Incidentally, there are many fine theoretical studies of the within-host population dynamics of malaria parasites that attempt to address several aspects of malaria infection. For a selection, see Gravenor et al. (1995), Hoshen et al. (2000), Gravenor et al. (2002), Rouzine and McKenzie (2003), Haydon et al. (2003), Maire et al. (2006), Chiyaka et al. (2009), and Thibodeaux (2010).

Starting with Malthus

We first considered the following question: what would happen if parasitemia grew to the maximum level constrained only by availability of RBCs, with no immune response from the host against the parasite? This situation resembles Malthusian growth of the within-host parasite population, although Mathus was primarily concerned with the effects of human population growth on economies. But the basic idea is that a population grows unchecked until limited by availability of resources, and the growth can lead to catastrophe for the population if the host dies due to anemia. (However, if a mosquito has picked up some of the gametocytes, the catastrophe is not for the Plasmodium species itself. The within-host population is sacrificed.) The 1798 essay of Malthus had a great impact on biologists in the 19th century and is considered one of the founding works in population biology (Malthus 2003). In some ways, the models that I describe are akin to the logistics equation introduced by Malthus’s younger contemporary P.F. Verhulst to account for population growth limited by a resource (Hoppensteadt 1982). Before introducing the models, I must introduce two important concepts.

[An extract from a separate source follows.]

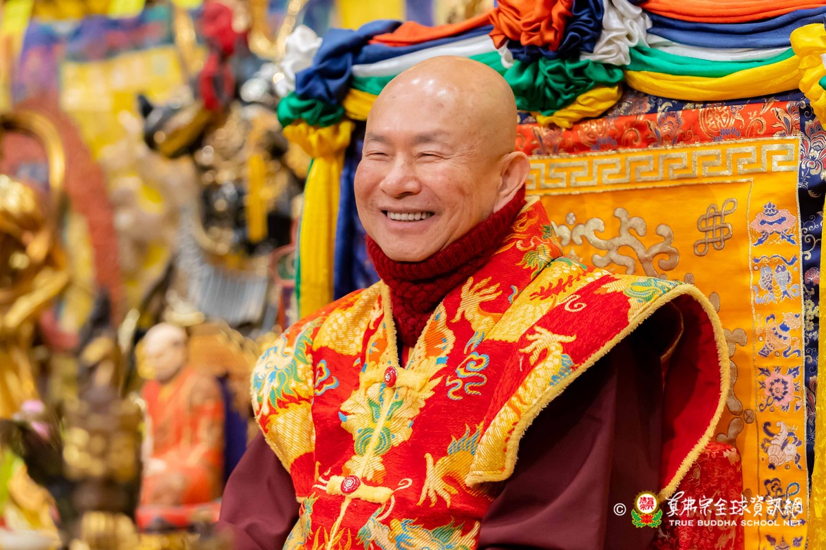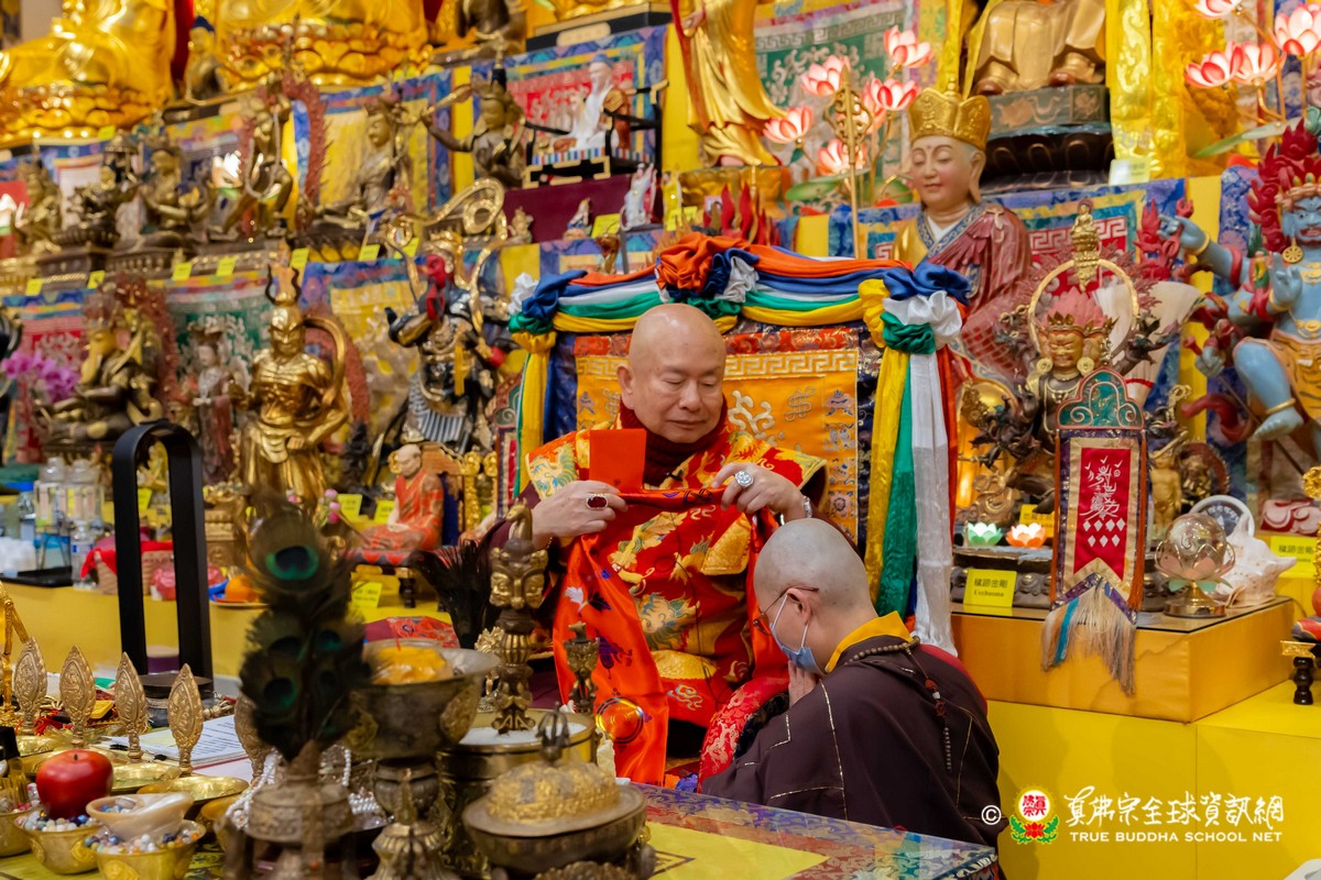 聖尊精彩寶貴的法語開示後,慈悲為新皈依弟子做皈依灌頂,並加持大悲咒水、開光佛像,及持拂塵加持與會眾等。
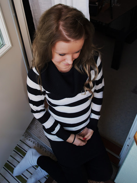 Club L:n merihenkinen neuletakki, jonka kuviointina on muuten RAITAA (ihan vaan jos ette huomannut), oli kaikessa yksinkertaisuudessaan hyvä pari mustille leggareille ja H&M:n saappaille. Aleksi 13:n huivi vaihtui tosin vielä lähdön hetkellä lämpimämpään henkkamaukan huiviin, mutta tulipahan nyt tuokin kuvattua. Kaunis printti, ja ihanan pehmoista satiinisilkkiwhatevermateriaalia ;)

Concept I: basic reproduction rate

The lifetime τ μ of a free merozoite is ≈10 min (Johnson et al. 1980), much shorter than the development time of the parasite within RBCs (≈2 days for both P. vivax and P. falciparum). The difference between these time scales allows us to derive, by statistical arguments, the average number of descendants an infected RBC has after one development cycle, R, early in the infection before an immune response can respond (or if there is no immune response). Assuming that all vulnerable RBCs are equally likely to be invaded, we introduce a merozoite-RBC binding affinity ζ, so that the rate of infection of RBCs per unit volume of blood, Inf r , is

$$ In{f_r} = \zeta V\mu $$
(1)

where μ is the density of merozoites in the blood, and V is the density of vulnerable RBCs (reticulocytes for P. vivax, all RBCs for P. falciparum). Making an additional assumption that early in the infection V changes slowly during one cycle of the within-RBC parasite, we obtain

$$ R = \frac{{p{\tau_\mu }\zeta V}}{{1 + {\tau_\mu }\zeta V}} $$
(2)

Here p is the average number of merozoites released from an infected RBC. [The details of the derivation are given in McQueen and McKenzie (2004)]. Direct photographic evidence of bursting infected RBCs suggests that p ≈ 16 (Glushakova et al. 2005). As already mention in the section “A conundrum of malaria biology” above, R for both species at the beginning of infection is ≈15. Thus, the asexual forms of both species are very effective at propagating themselves before host immune reactions can intervene, with a characteristic time to invade an RBC ζV ≈ 24  s. I call the initial value of R the basic reproductive rate, R 0. Given V, τ μ , and p, knowing R 0 determines ζ. As infection progresses, R declines from R 0 because (1) the vulnerable RBC population is depleted and (2) the host mounts an immune response against the parasite.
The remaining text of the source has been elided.